[Task to complete]:
Word for word, copy all the data and drop the pictures.

[Saved entries]:
- Opening Delimiter -

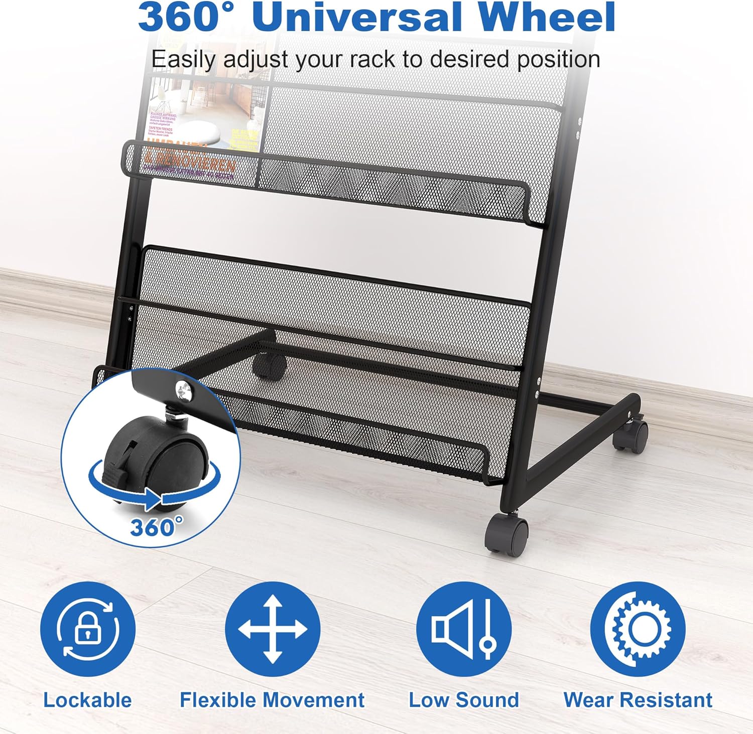 - ๐ใMULTIFUNCTIONAL & EASY TO MOVEใ This brochure display stand features four silent wheels, two of the wheels are equipped with braking functionality,easy to move to any place.The top tier allows you to post ads signs,suitable for literature stand for trade shows, exhibition, hotel,hospitals,reception areas, libraries,bank lobbies, event rooms, offices, any other venues requiring information display.
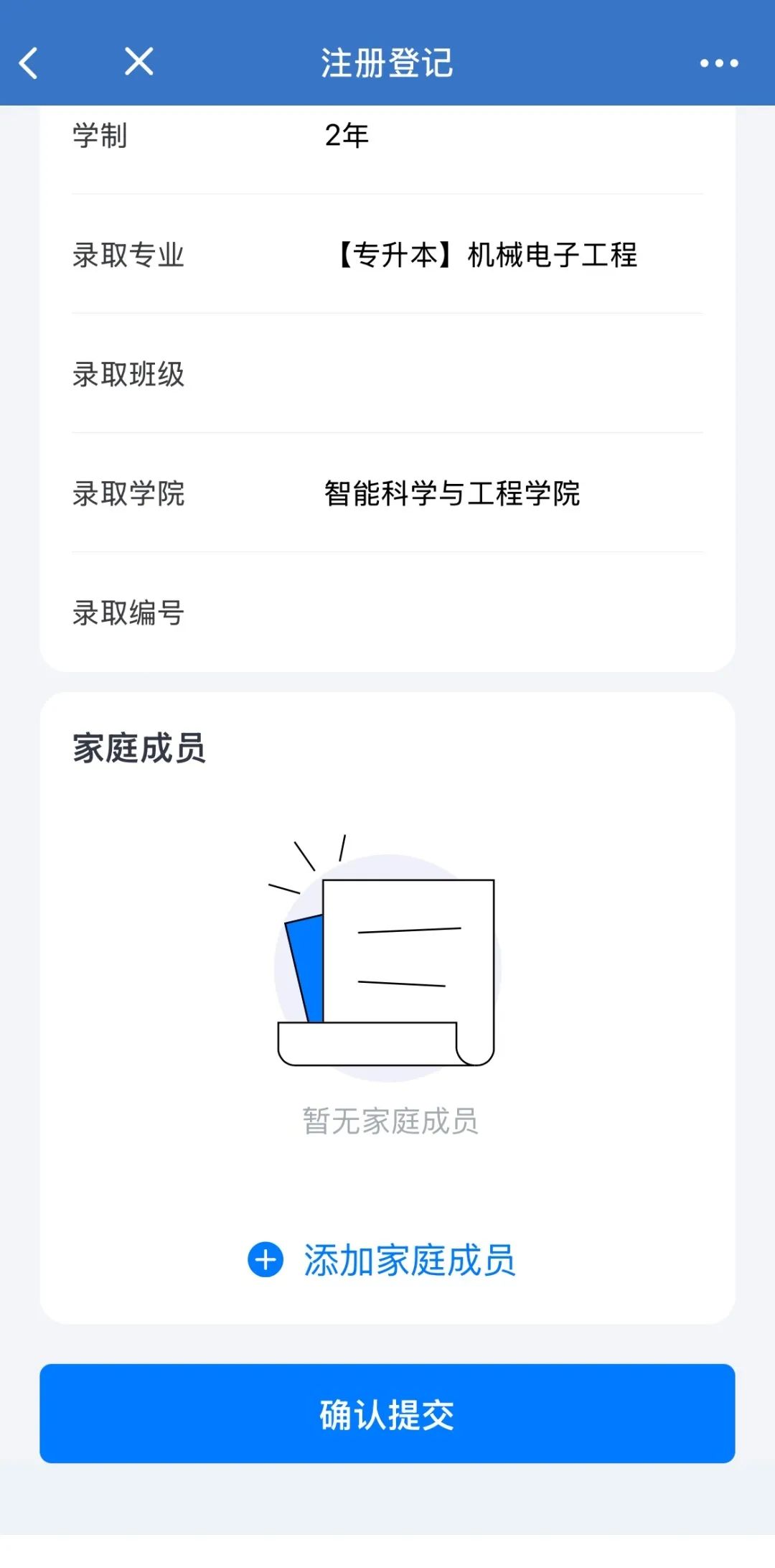 点击注册登记,完成信息录入点击“注册登记”完善个人信息。确认录取信息无误后,填写家庭地址、手机号码、家庭成员等信息,最后确认完成注册登记。
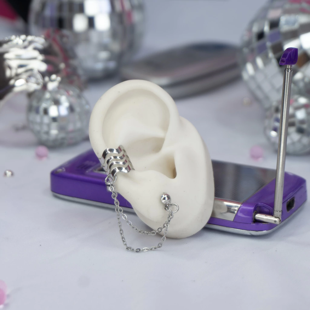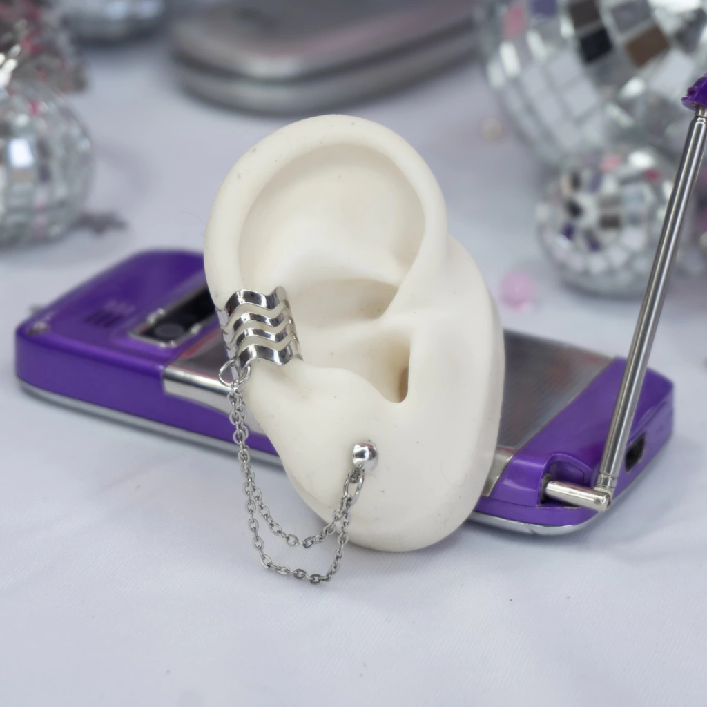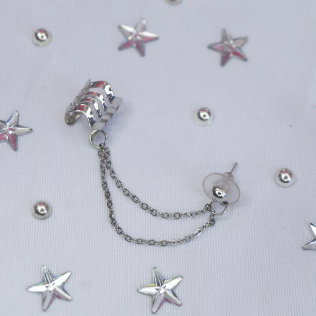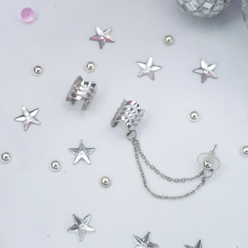 São duas versões: um modelo com corrente que prende no primeiro furo, criando um efeito marcante, e outro mais minimalista, ear cuff solto, perfeito pra usar sozinho ou no mix de brincos. Ambos são feitos em aço inoxidável, resistentes e superconfortáveis.
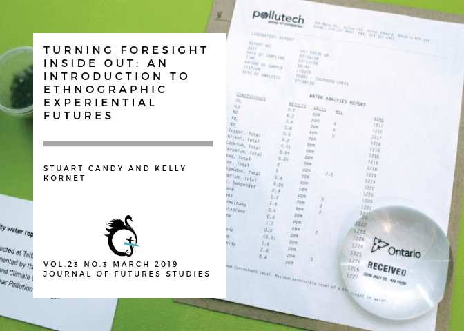 In terms of our primary lens of futures research, we have noted how EXF brings ethnographic and experiential traditions together, spurred in part by a recently articulated methodological need in foresight to enable design-driven “circumstances or situations in which the collective intelligence and imagination of a community can come forth” (Candy & Dunagan, 2017, p. 150).
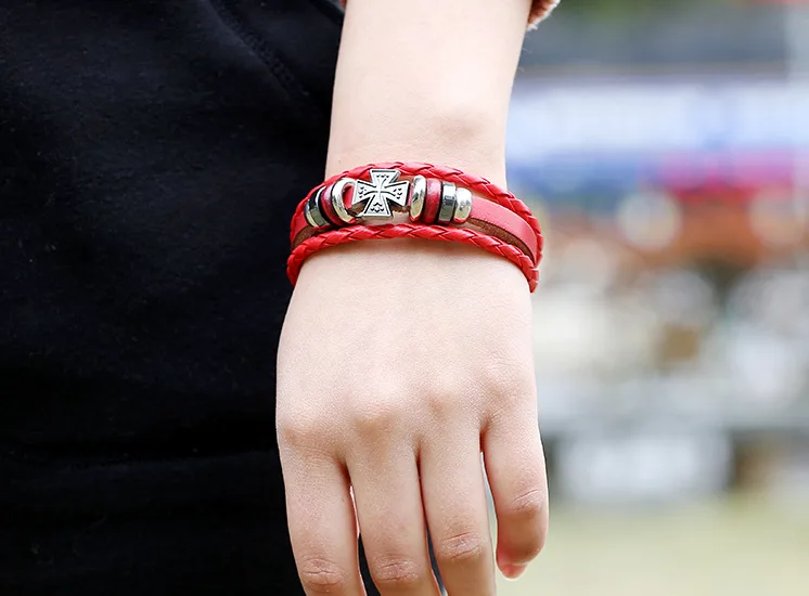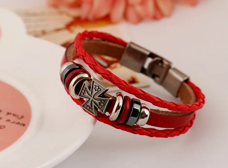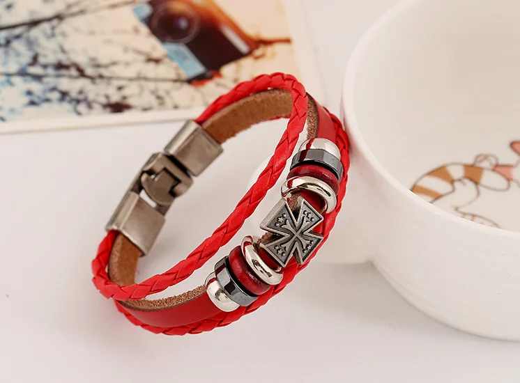 Ceramic Bracelet:Womens Leather Cross Bracelet
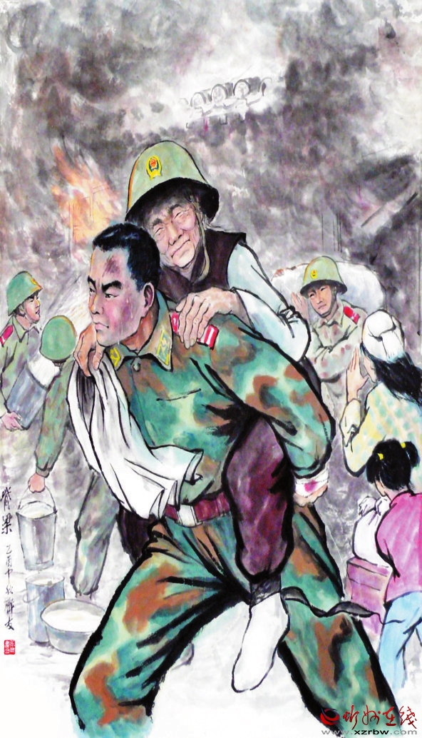 不負(fù)人民養(yǎng)育恩,熊熊烈火見真情。 和平戰(zhàn)事同聽喚,血肉長(zhǎng)城更堅(jiān)固。 無臂繡娘
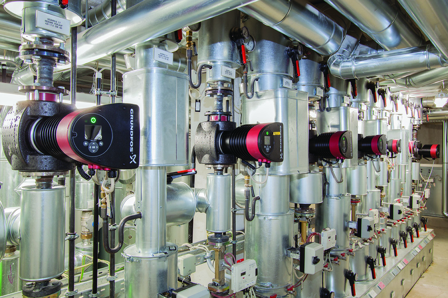 Für die Produktion der Magna3 hat das Unternehmen in Wahlstedt rund 40 Millionen Euro investiert. Die Fertigung basiert auf einem Produktions- und Logistik-Konzept mit durchgängig halb- oder vollautomatisierten Prozessen. Die Montagelinien werden über ein Warehouse-Management mit Staplerleitsystem ‘just in sequence’ direkt aus dem zentralen Lager mit Komponenten versorgt. Auch das Zusammenführen von Pumpengehäuse und Motor mit Laufeinheit erfolgt vollautomatisiert. Bei den Komponenten setzt Grundfos auf eine hohe Fertigungs¬tiefe und produziert beispielsweise Leiterplatten und Wellen selbst. Die Qualitätssicherung arbeitet nach dem japanischen Poka-Yoke-Prinzip. Danach werden bereits im Fertigungsprozess einzelne Teile überprüft, um Fehler frühzeitig erkennen und korrigieren zu können. Dem Thema Energieeffizienz räumt Grundfos auch in der eigenen Produktion hohen Stellenwert ein: Durch den Einsatz einer Staurollenkette spart die Magna3-Fertigungslinie im Vergleich zu herkömmlichen Transportbändern rund 40 Prozent Energie ein.
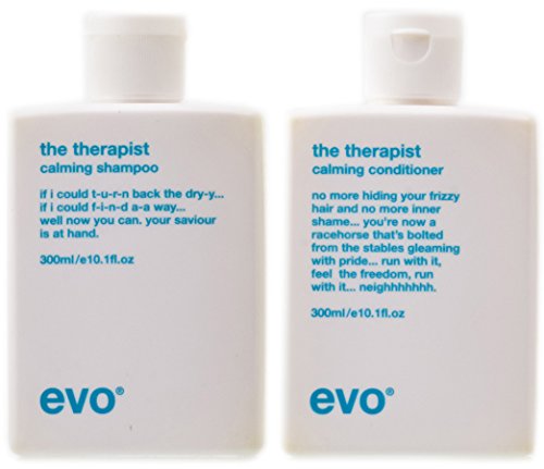 -. Feature : Evo The Therapist Calming Shampoo is a moisturising shampoo to gently cleanse, repair and hydrate dry, frizzy, colour-treated hair. / Hair is gently cleansed; strength, moisture and manageability are restored with dry, frizzy, colour-treated hair. / Evo The Therapist Calming Conditioner is a moisturizing conditioner to repair, hydrate and smooth dry, frizzy, colour-treated hair.
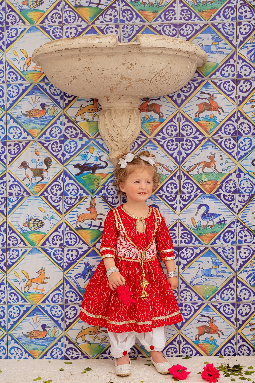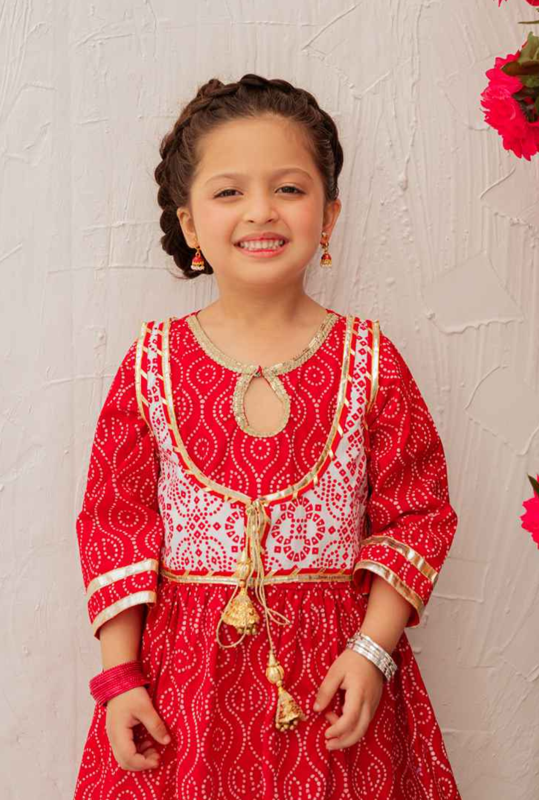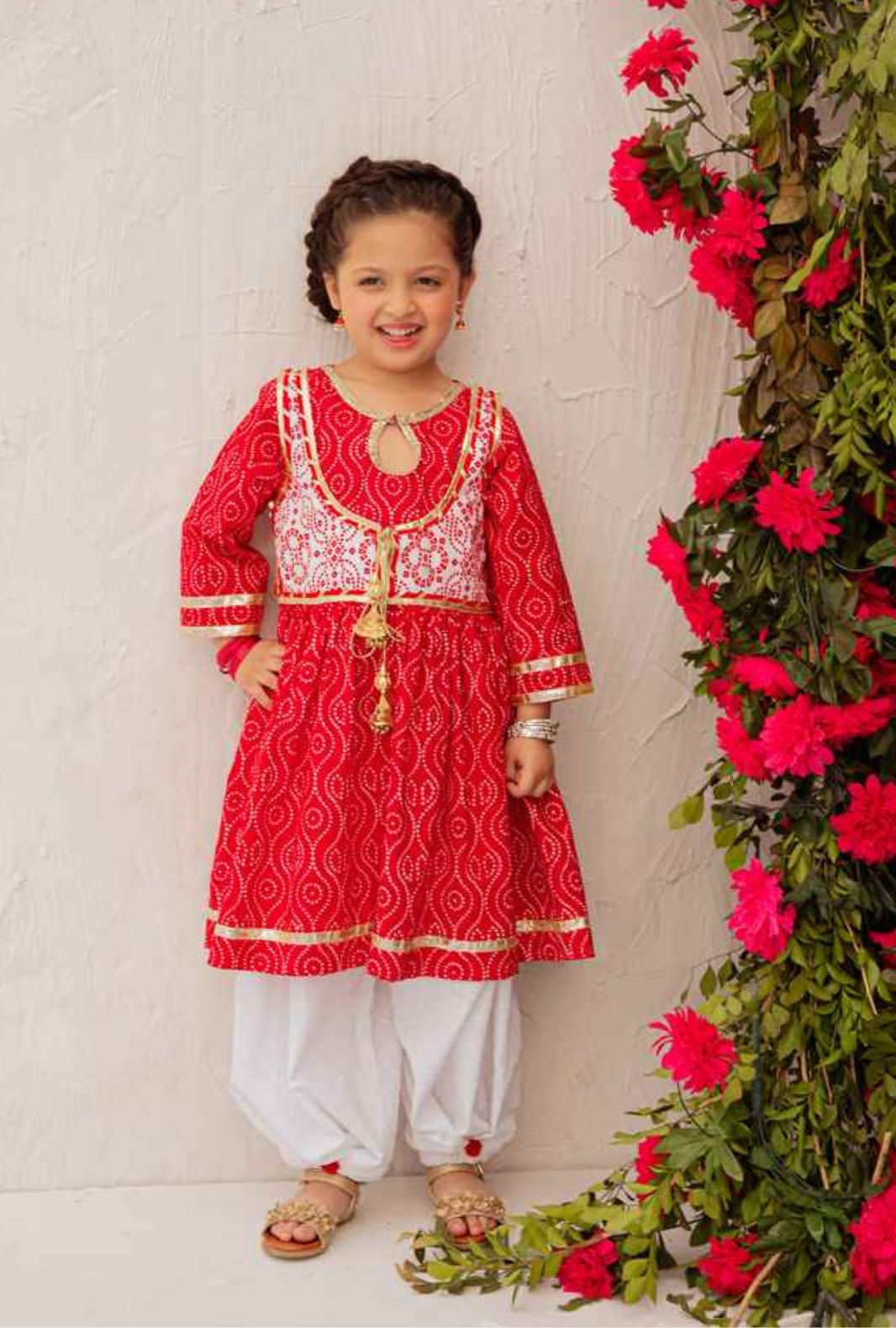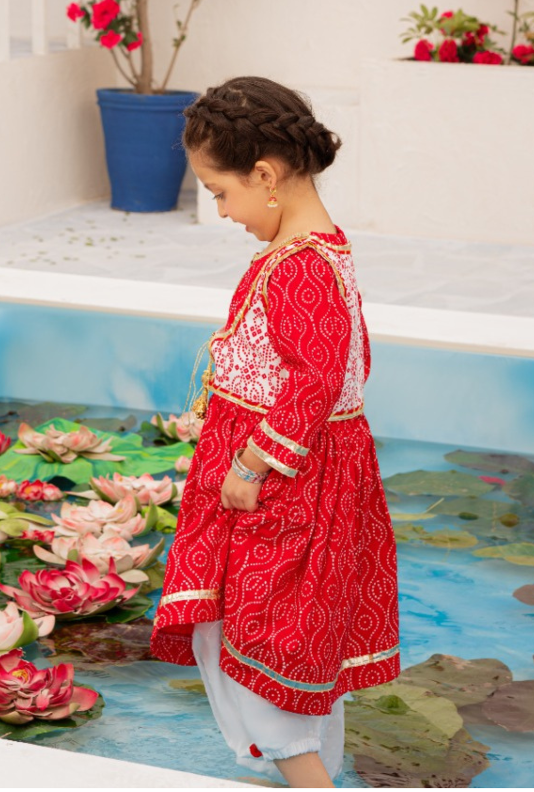This 3 piece ensemble features a bright red and white chunri print crafted in a traditional A-line flowy style shirt with a gathered waistline and comes with a cute little koti that features a white base and red chunri print. The fabric is pure cotton-lawn, accented with Gotta and traditional chatta Patti laces and tassels all over the shirt and koti. This adorable look is completed with a cute patiala style shalwar in white cotton brosha fabric with contrasting red pompoms on the hem. Match her stunning outfit with her brothers this Eid!
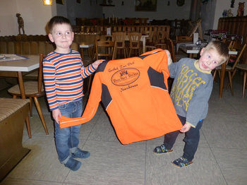 Foto 2: Die beiden jüngsten Buben Georg und Michael der FamilieSchinabeck präsentieren stolz den neuen Pullover.
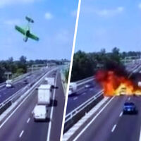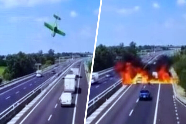 Уличная камера запечатлела инцидент. На кадрах видно, как воздушное судно падает на оживленную трассу и воспламеняется. Проезжающие автомобили быстро отъезжают.
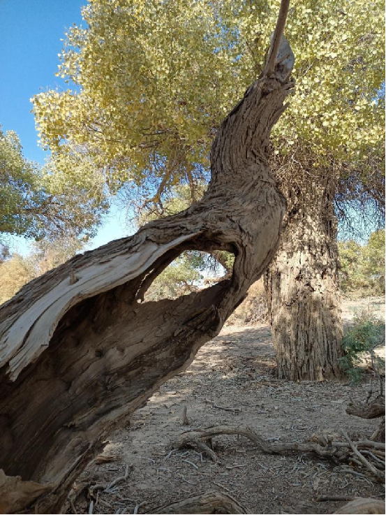 每當(dāng)深秋季節(jié),胡楊樹葉變得一片金黃,形成胡楊秋色,樹影婆娑,奇妙絕倫,賞心悅目。漫步在濃郁的胡楊林中仿佛進(jìn)入神話般的仙境。茂密的胡楊千奇百怪,神態(tài)萬(wàn)般。粗壯的幾人難以合抱,挺拔的七、八丈之高,怪異的似蒼龍騰越,似虬蟠狂舞,令人驚奇不已,嘆為觀止。僅就密密匝匝的樹葉,也是風(fēng)采獨(dú)有。幼小的胡楊,葉片狹長(zhǎng)而細(xì)小,宛若少女嫵媚的柳眉,人們常常把它誤認(rèn)為柳樹;壯齡的胡楊,葉片又變成卵形、闊卵形或三角形,猶如興安嶺的白樺;進(jìn)入老年期的胡楊,葉片才定型為橢圓形。更令人稱奇者,在同一棵胡楊樹冠的上下層次,還長(zhǎng)著不同形狀的葉片,因此,又稱“異葉楊”

- Closing Delimiter -

[Response box]:
 - ๐ใMULTIFUNCTIONAL & EASY TO MOVEใ This brochure display stand features four silent wheels, two of the wheels are equipped with braking functionality,easy to move to any place.The top tier allows you to post ads signs,suitable for literature stand for trade shows, exhibition, hotel,hospitals,reception areas, libraries,bank lobbies, event rooms, offices, any other venues requiring information display.
 点击注册登记,完成信息录入点击“注册登记”完善个人信息。确认录取信息无误后,填写家庭地址、手机号码、家庭成员等信息,最后确认完成注册登记。
 São duas versões: um modelo com corrente que prende no primeiro furo, criando um efeito marcante, e outro mais minimalista, ear cuff solto, perfeito pra usar sozinho ou no mix de brincos. Ambos são feitos em aço inoxidável, resistentes e superconfortáveis.
 In terms of our primary lens of futures research, we have noted how EXF brings ethnographic and experiential traditions together, spurred in part by a recently articulated methodological need in foresight to enable design-driven “circumstances or situations in which the collective intelligence and imagination of a community can come forth” (Candy & Dunagan, 2017, p. 150).
 Ceramic Bracelet:Womens Leather Cross Bracelet
 不負(fù)人民養(yǎng)育恩,熊熊烈火見真情。 和平戰(zhàn)事同聽喚,血肉長(zhǎng)城更堅(jiān)固。 無臂繡娘
 Für die Produktion der Magna3 hat das Unternehmen in Wahlstedt rund 40 Millionen Euro investiert. Die Fertigung basiert auf einem Produktions- und Logistik-Konzept mit durchgängig halb- oder vollautomatisierten Prozessen. Die Montagelinien werden über ein Warehouse-Management mit Staplerleitsystem ‘just in sequence’ direkt aus dem zentralen Lager mit Komponenten versorgt. Auch das Zusammenführen von Pumpengehäuse und Motor mit Laufeinheit erfolgt vollautomatisiert. Bei den Komponenten setzt Grundfos auf eine hohe Fertigungs¬tiefe und produziert beispielsweise Leiterplatten und Wellen selbst. Die Qualitätssicherung arbeitet nach dem japanischen Poka-Yoke-Prinzip. Danach werden bereits im Fertigungsprozess einzelne Teile überprüft, um Fehler frühzeitig erkennen und korrigieren zu können. Dem Thema Energieeffizienz räumt Grundfos auch in der eigenen Produktion hohen Stellenwert ein: Durch den Einsatz einer Staurollenkette spart die Magna3-Fertigungslinie im Vergleich zu herkömmlichen Transportbändern rund 40 Prozent Energie ein.
 -. Feature : Evo The Therapist Calming Shampoo is a moisturising shampoo to gently cleanse, repair and hydrate dry, frizzy, colour-treated hair. / Hair is gently cleansed; strength, moisture and manageability are restored with dry, frizzy, colour-treated hair. / Evo The Therapist Calming Conditioner is a moisturizing conditioner to repair, hydrate and smooth dry, frizzy, colour-treated hair.
This 3 piece ensemble features a bright red and white chunri print crafted in a traditional A-line flowy style shirt with a gathered waistline and comes with a cute little koti that features a white base and red chunri print. The fabric is pure cotton-lawn, accented with Gotta and traditional chatta Patti laces and tassels all over the shirt and koti. This adorable look is completed with a cute patiala style shalwar in white cotton brosha fabric with contrasting red pompoms on the hem. Match her stunning outfit with her brothers this Eid!
 Foto 2: Die beiden jüngsten Buben Georg und Michael der FamilieSchinabeck präsentieren stolz den neuen Pullover.
 Уличная камера запечатлела инцидент. На кадрах видно, как воздушное судно падает на оживленную трассу и воспламеняется. Проезжающие автомобили быстро отъезжают.
 每當(dāng)深秋季節(jié),胡楊樹葉變得一片金黃,形成胡楊秋色,樹影婆娑,奇妙絕倫,賞心悅目。漫步在濃郁的胡楊林中仿佛進(jìn)入神話般的仙境。茂密的胡楊千奇百怪,神態(tài)萬(wàn)般。粗壯的幾人難以合抱,挺拔的七、八丈之高,怪異的似蒼龍騰越,似虬蟠狂舞,令人驚奇不已,嘆為觀止。僅就密密匝匝的樹葉,也是風(fēng)采獨(dú)有。幼小的胡楊,葉片狹長(zhǎng)而細(xì)小,宛若少女嫵媚的柳眉,人們常常把它誤認(rèn)為柳樹;壯齡的胡楊,葉片又變成卵形、闊卵形或三角形,猶如興安嶺的白樺;進(jìn)入老年期的胡楊,葉片才定型為橢圓形。更令人稱奇者,在同一棵胡楊樹冠的上下層次,還長(zhǎng)著不同形狀的葉片,因此,又稱“異葉楊”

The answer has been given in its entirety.